[Work to complete] Print every entry again, precisely as written.

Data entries
┌────────

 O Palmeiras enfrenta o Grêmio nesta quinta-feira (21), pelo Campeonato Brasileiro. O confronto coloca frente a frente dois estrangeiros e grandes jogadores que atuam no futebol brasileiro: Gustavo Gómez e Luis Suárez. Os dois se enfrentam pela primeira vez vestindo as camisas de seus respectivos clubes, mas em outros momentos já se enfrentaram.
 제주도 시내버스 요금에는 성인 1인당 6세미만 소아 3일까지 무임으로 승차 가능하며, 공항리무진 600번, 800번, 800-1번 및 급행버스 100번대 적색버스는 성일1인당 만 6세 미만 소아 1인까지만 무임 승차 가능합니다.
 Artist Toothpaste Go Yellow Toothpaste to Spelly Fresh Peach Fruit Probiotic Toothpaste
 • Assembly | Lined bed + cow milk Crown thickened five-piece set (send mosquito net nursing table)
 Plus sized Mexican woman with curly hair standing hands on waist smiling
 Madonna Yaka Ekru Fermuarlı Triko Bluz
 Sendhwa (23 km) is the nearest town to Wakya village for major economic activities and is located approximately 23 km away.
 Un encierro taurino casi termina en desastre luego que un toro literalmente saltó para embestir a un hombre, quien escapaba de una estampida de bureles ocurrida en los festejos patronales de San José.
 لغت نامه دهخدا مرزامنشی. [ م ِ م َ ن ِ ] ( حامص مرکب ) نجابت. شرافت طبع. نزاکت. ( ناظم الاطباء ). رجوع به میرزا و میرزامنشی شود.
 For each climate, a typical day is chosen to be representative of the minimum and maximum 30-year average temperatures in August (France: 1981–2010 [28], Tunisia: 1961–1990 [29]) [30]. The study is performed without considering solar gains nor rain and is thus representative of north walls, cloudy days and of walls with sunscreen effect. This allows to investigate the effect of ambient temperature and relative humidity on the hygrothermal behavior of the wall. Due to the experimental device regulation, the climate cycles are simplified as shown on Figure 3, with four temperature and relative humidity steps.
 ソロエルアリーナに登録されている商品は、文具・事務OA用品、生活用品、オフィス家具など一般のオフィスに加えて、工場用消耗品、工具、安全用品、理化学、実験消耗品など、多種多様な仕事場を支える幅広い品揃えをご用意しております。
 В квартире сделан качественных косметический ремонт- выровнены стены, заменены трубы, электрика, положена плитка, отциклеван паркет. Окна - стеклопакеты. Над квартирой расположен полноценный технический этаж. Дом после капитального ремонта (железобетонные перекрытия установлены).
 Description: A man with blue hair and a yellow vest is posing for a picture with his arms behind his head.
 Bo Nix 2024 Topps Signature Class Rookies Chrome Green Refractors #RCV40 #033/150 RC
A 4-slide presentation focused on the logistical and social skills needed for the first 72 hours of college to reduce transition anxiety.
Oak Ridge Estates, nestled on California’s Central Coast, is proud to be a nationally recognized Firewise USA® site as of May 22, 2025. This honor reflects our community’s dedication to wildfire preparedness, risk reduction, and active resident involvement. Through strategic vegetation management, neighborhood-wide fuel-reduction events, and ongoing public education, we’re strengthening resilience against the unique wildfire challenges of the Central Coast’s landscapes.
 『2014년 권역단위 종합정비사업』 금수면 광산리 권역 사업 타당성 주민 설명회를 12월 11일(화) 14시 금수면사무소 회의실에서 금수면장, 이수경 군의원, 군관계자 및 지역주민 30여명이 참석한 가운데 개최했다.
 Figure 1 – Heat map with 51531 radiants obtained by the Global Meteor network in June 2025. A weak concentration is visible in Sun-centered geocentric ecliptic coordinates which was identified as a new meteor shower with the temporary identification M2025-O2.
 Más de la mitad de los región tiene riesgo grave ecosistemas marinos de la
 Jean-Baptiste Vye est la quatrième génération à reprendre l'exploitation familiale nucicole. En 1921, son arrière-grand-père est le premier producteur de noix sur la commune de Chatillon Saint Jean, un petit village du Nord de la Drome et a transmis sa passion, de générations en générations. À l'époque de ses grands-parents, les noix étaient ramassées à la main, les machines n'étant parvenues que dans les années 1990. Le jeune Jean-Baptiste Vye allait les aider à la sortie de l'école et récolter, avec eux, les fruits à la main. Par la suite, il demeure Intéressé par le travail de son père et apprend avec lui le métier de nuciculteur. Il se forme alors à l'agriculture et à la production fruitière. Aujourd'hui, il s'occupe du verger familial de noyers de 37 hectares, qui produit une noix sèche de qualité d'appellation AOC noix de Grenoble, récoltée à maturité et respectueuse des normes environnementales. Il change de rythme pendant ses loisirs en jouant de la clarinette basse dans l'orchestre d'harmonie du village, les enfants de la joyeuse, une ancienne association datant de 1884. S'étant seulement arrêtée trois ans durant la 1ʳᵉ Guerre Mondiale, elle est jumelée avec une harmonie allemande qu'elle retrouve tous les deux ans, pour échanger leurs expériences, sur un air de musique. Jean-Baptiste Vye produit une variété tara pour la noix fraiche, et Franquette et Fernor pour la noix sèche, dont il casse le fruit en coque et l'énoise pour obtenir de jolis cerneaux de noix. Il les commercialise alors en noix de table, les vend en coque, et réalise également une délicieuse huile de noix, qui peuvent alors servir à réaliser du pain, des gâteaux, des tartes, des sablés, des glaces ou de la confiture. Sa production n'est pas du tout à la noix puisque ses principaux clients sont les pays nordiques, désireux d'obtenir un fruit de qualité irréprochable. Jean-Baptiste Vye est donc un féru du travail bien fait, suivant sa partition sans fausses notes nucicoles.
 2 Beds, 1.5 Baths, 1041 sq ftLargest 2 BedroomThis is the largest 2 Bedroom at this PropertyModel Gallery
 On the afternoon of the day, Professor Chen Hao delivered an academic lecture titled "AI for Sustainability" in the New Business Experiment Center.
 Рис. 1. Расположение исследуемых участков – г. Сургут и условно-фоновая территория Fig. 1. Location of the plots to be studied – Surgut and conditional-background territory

└────────

[Exercise response]
 O Palmeiras enfrenta o Grêmio nesta quinta-feira (21), pelo Campeonato Brasileiro. O confronto coloca frente a frente dois estrangeiros e grandes jogadores que atuam no futebol brasileiro: Gustavo Gómez e Luis Suárez. Os dois se enfrentam pela primeira vez vestindo as camisas de seus respectivos clubes, mas em outros momentos já se enfrentaram.
 제주도 시내버스 요금에는 성인 1인당 6세미만 소아 3일까지 무임으로 승차 가능하며, 공항리무진 600번, 800번, 800-1번 및 급행버스 100번대 적색버스는 성일1인당 만 6세 미만 소아 1인까지만 무임 승차 가능합니다.
 Artist Toothpaste Go Yellow Toothpaste to Spelly Fresh Peach Fruit Probiotic Toothpaste
 • Assembly | Lined bed + cow milk Crown thickened five-piece set (send mosquito net nursing table)
 Plus sized Mexican woman with curly hair standing hands on waist smiling
 Madonna Yaka Ekru Fermuarlı Triko Bluz
 Sendhwa (23 km) is the nearest town to Wakya village for major economic activities and is located approximately 23 km away.
 Un encierro taurino casi termina en desastre luego que un toro literalmente saltó para embestir a un hombre, quien escapaba de una estampida de bureles ocurrida en los festejos patronales de San José.
 لغت نامه دهخدا مرزامنشی. [ م ِ م َ ن ِ ] ( حامص مرکب ) نجابت. شرافت طبع. نزاکت. ( ناظم الاطباء ). رجوع به میرزا و میرزامنشی شود.
 For each climate, a typical day is chosen to be representative of the minimum and maximum 30-year average temperatures in August (France: 1981–2010 [28], Tunisia: 1961–1990 [29]) [30]. The study is performed without considering solar gains nor rain and is thus representative of north walls, cloudy days and of walls with sunscreen effect. This allows to investigate the effect of ambient temperature and relative humidity on the hygrothermal behavior of the wall. Due to the experimental device regulation, the climate cycles are simplified as shown on Figure 3, with four temperature and relative humidity steps.
 ソロエルアリーナに登録されている商品は、文具・事務OA用品、生活用品、オフィス家具など一般のオフィスに加えて、工場用消耗品、工具、安全用品、理化学、実験消耗品など、多種多様な仕事場を支える幅広い品揃えをご用意しております。
 В квартире сделан качественных косметический ремонт- выровнены стены, заменены трубы, электрика, положена плитка, отциклеван паркет. Окна - стеклопакеты. Над квартирой расположен полноценный технический этаж. Дом после капитального ремонта (железобетонные перекрытия установлены).
 Description: A man with blue hair and a yellow vest is posing for a picture with his arms behind his head.
 Bo Nix 2024 Topps Signature Class Rookies Chrome Green Refractors #RCV40 #033/150 RC
A 4-slide presentation focused on the logistical and social skills needed for the first 72 hours of college to reduce transition anxiety.
Oak Ridge Estates, nestled on California’s Central Coast, is proud to be a nationally recognized Firewise USA® site as of May 22, 2025. This honor reflects our community’s dedication to wildfire preparedness, risk reduction, and active resident involvement. Through strategic vegetation management, neighborhood-wide fuel-reduction events, and ongoing public education, we’re strengthening resilience against the unique wildfire challenges of the Central Coast’s landscapes.
 『2014년 권역단위 종합정비사업』 금수면 광산리 권역 사업 타당성 주민 설명회를 12월 11일(화) 14시 금수면사무소 회의실에서 금수면장, 이수경 군의원, 군관계자 및 지역주민 30여명이 참석한 가운데 개최했다.
 Figure 1 – Heat map with 51531 radiants obtained by the Global Meteor network in June 2025. A weak concentration is visible in Sun-centered geocentric ecliptic coordinates which was identified as a new meteor shower with the temporary identification M2025-O2.
 Más de la mitad de los región tiene riesgo grave ecosistemas marinos de la
 Jean-Baptiste Vye est la quatrième génération à reprendre l'exploitation familiale nucicole. En 1921, son arrière-grand-père est le premier producteur de noix sur la commune de Chatillon Saint Jean, un petit village du Nord de la Drome et a transmis sa passion, de générations en générations. À l'époque de ses grands-parents, les noix étaient ramassées à la main, les machines n'étant parvenues que dans les années 1990. Le jeune Jean-Baptiste Vye allait les aider à la sortie de l'école et récolter, avec eux, les fruits à la main. Par la suite, il demeure Intéressé par le travail de son père et apprend avec lui le métier de nuciculteur. Il se forme alors à l'agriculture et à la production fruitière. Aujourd'hui, il s'occupe du verger familial de noyers de 37 hectares, qui produit une noix sèche de qualité d'appellation AOC noix de Grenoble, récoltée à maturité et respectueuse des normes environnementales. Il change de rythme pendant ses loisirs en jouant de la clarinette basse dans l'orchestre d'harmonie du village, les enfants de la joyeuse, une ancienne association datant de 1884. S'étant seulement arrêtée trois ans durant la 1ʳᵉ Guerre Mondiale, elle est jumelée avec une harmonie allemande qu'elle retrouve tous les deux ans, pour échanger leurs expériences, sur un air de musique. Jean-Baptiste Vye produit une variété tara pour la noix fraiche, et Franquette et Fernor pour la noix sèche, dont il casse le fruit en coque et l'énoise pour obtenir de jolis cerneaux de noix. Il les commercialise alors en noix de table, les vend en coque, et réalise également une délicieuse huile de noix, qui peuvent alors servir à réaliser du pain, des gâteaux, des tartes, des sablés, des glaces ou de la confiture. Sa production n'est pas du tout à la noix puisque ses principaux clients sont les pays nordiques, désireux d'obtenir un fruit de qualité irréprochable. Jean-Baptiste Vye est donc un féru du travail bien fait, suivant sa partition sans fausses notes nucicoles.
 2 Beds, 1.5 Baths, 1041 sq ftLargest 2 BedroomThis is the largest 2 Bedroom at this PropertyModel Gallery
 On the afternoon of the day, Professor Chen Hao delivered an academic lecture titled "AI for Sustainability" in the New Business Experiment Center.
 Рис. 1. Расположение исследуемых участков – г. Сургут и условно-фоновая территория Fig. 1. Location of the plots to be studied – Surgut and conditional-background territory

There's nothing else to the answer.